Betwixt tick and tock

If you’re like me, Intel Corp.’s vastly expanding list of microprocessor code names long ago got too complex to assign any rational value to, let alone remember. A couple keynote speeches at the recent Intel Developer Forum helped straighten me out on the relationship between families. But perhaps more important, CEO Paul Otellini and EVP Sean Maloney laid out Intel’s tick and tock development strategy.

Perhaps this idea is commonly used among other large semiconductor powerhouses, though I’ve never seen it explained before. The pendulum swings of the design cycles would seem to allow a period for FPGA-based differentiation – if outsiders can synchronize to the Intel clock cycles.

Basically, on a tick sweep, Intel launches a process technology, but uses it to implement a familiar microarchitecture.. On the tock sweep, a new microarchitecture is launched using a feature size that is already semi-mature. Note that when tick comes around again, Intel can attempt to pack more functions into the design using an SoC approach, if the design warrants such further integration.

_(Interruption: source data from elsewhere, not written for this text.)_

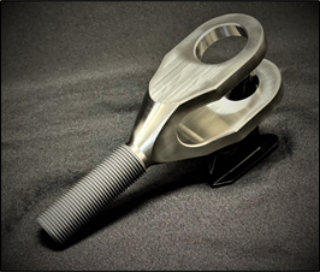 Clevises are another sub category of machined components that AllPower provides. They are similar to Rod End Bodies in that they often have a threaded shaft, but instead of having an single circular bore, they have a fork that has two circular holes which bushings are installed in.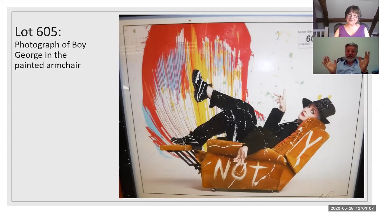 Pre-auction review of: Boy George artwork armchair, Fender guitar signed by Barry Gibb, Queen photo montage with band signatures, signed photos of Charlie and Sydney Chaplin and French farmhouse table. Items discussed by Philip Allwood of Moore Allen Auctions and Lesley Jewell of The Arts Society Corinium.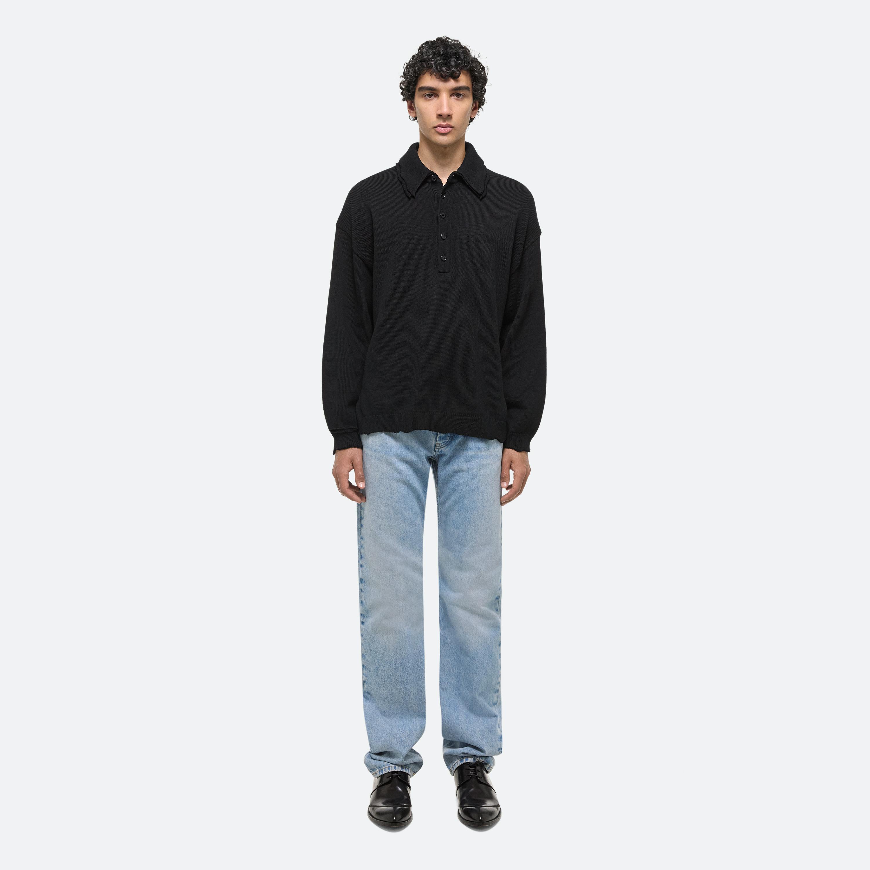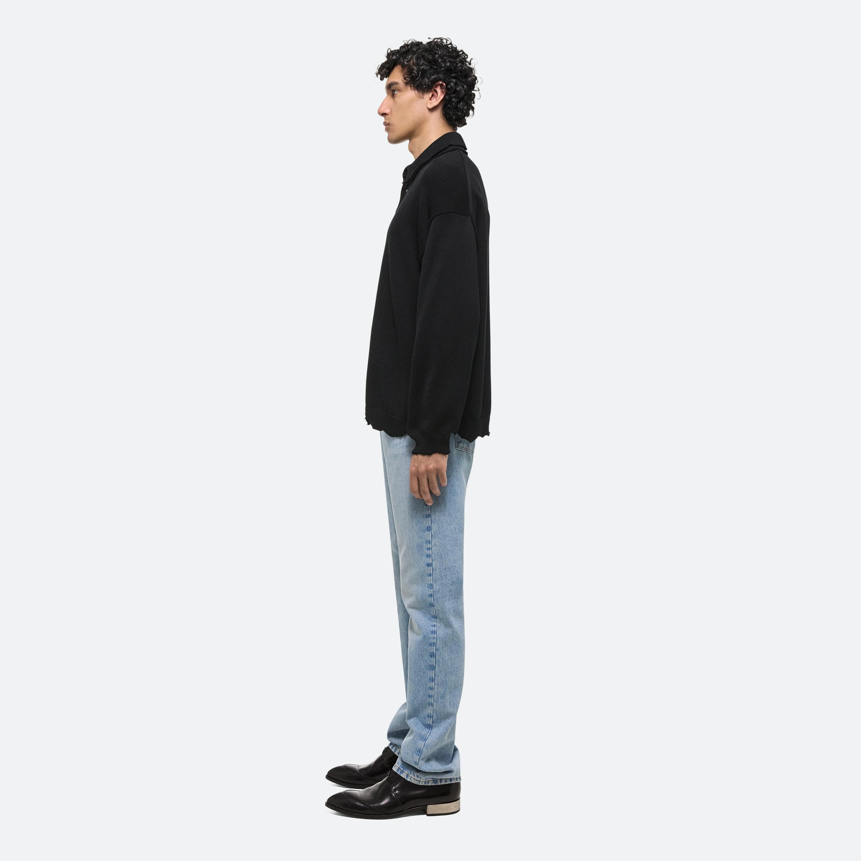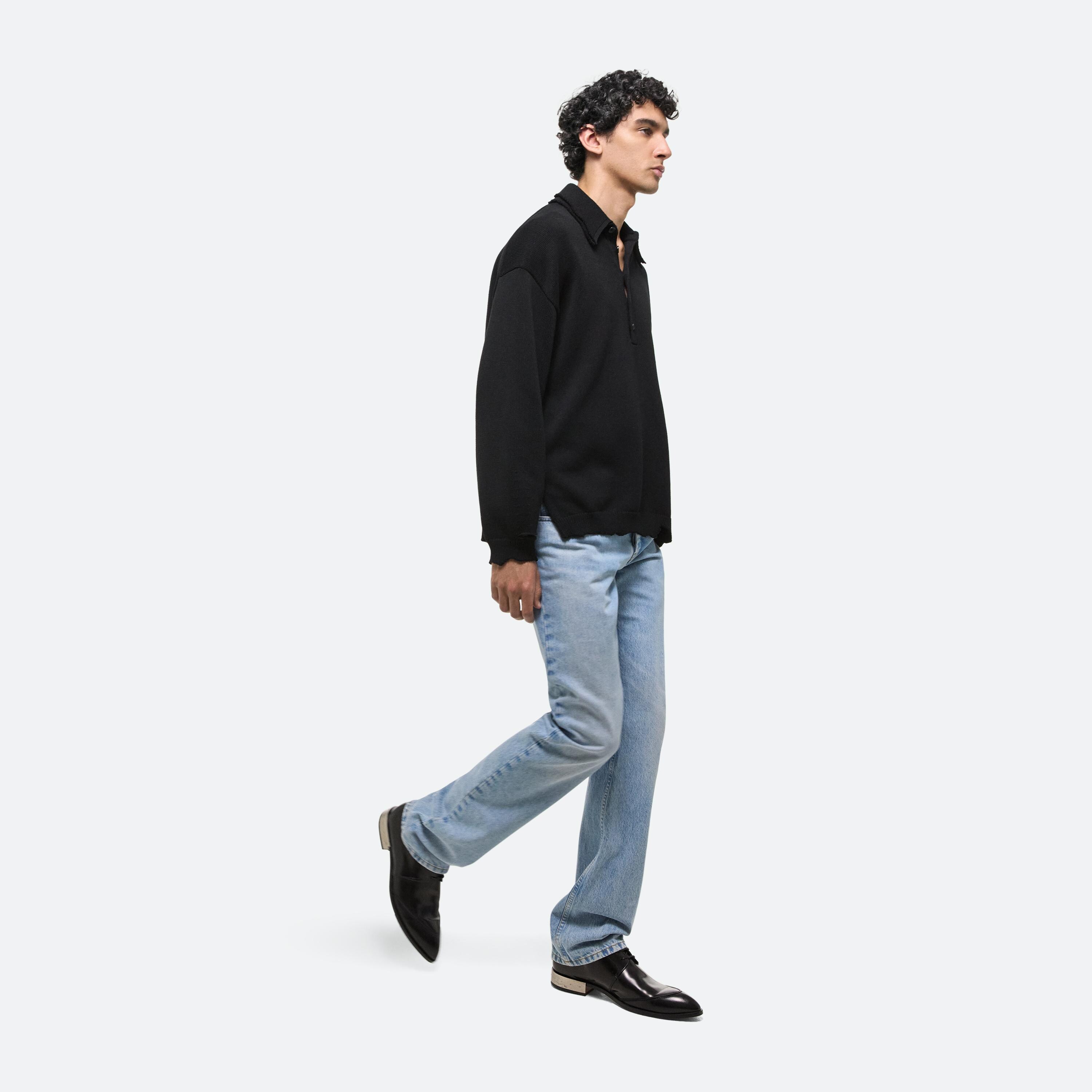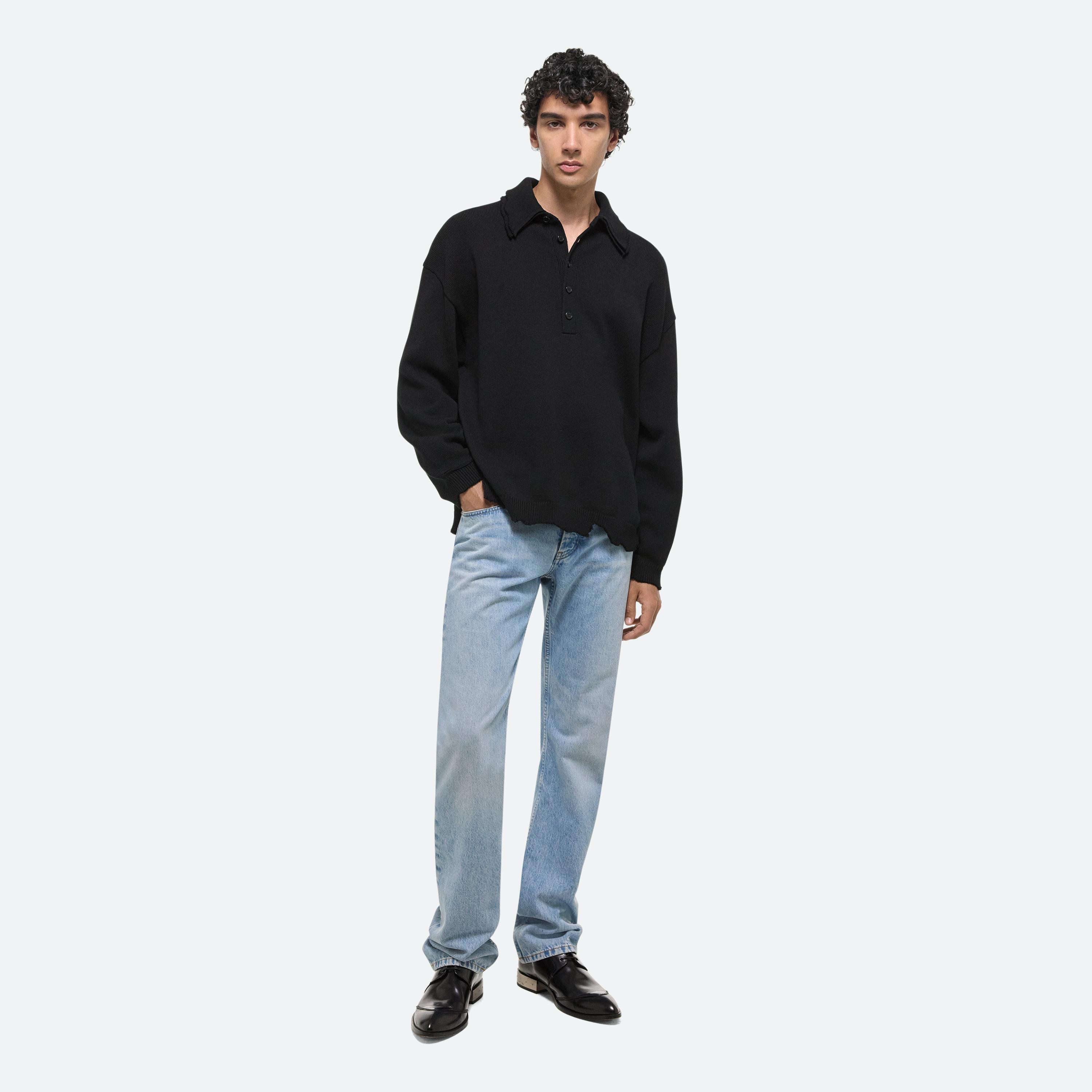 Ribbed polo sweater in bouncy Italian cotton knit. Visible distressing creates a doubled effect at the collar and the feeling of much-loved piece. Made with a dropped shoulder and roomy fit.

In explaining this cycle, Intel executives candidly said they could not provide all necessary peripheral functions to customers all the time, though they certainly try to be a one-stop shop. In fact, Maloney in particular warned that trying to launch a new microarchitecture in a new process node would be a recipe for disaster. First, you get familiar with 45-, 32-, or 20-nm design rules, then you experiment with new architectures, and only when those architectures are mature, do you move down in feature size. Notice this implies some breathing space betwixt tick and tock?

Right now, for example, the microarchitecture called Nehalem is being ported from 45 to 32 nm. Once Intel is familiar with 32nm and has had an opportunity to integrate, the company will move to a new microarchitecture called Sandy Bridge. And there are many similar examples in Atom and SoC worlds.

This suggests that FPGA vendors should watch Intel customers closely for those moments between generations. Intel often can offer high-integration peripherals. Or it can combine a 32-nm core processor with a 45-nm co-processor, on a unique substrate. But merely having so many elements in its bag of tricks does not make Intel invincible. FPGA vendors may be able to run under the pendulum.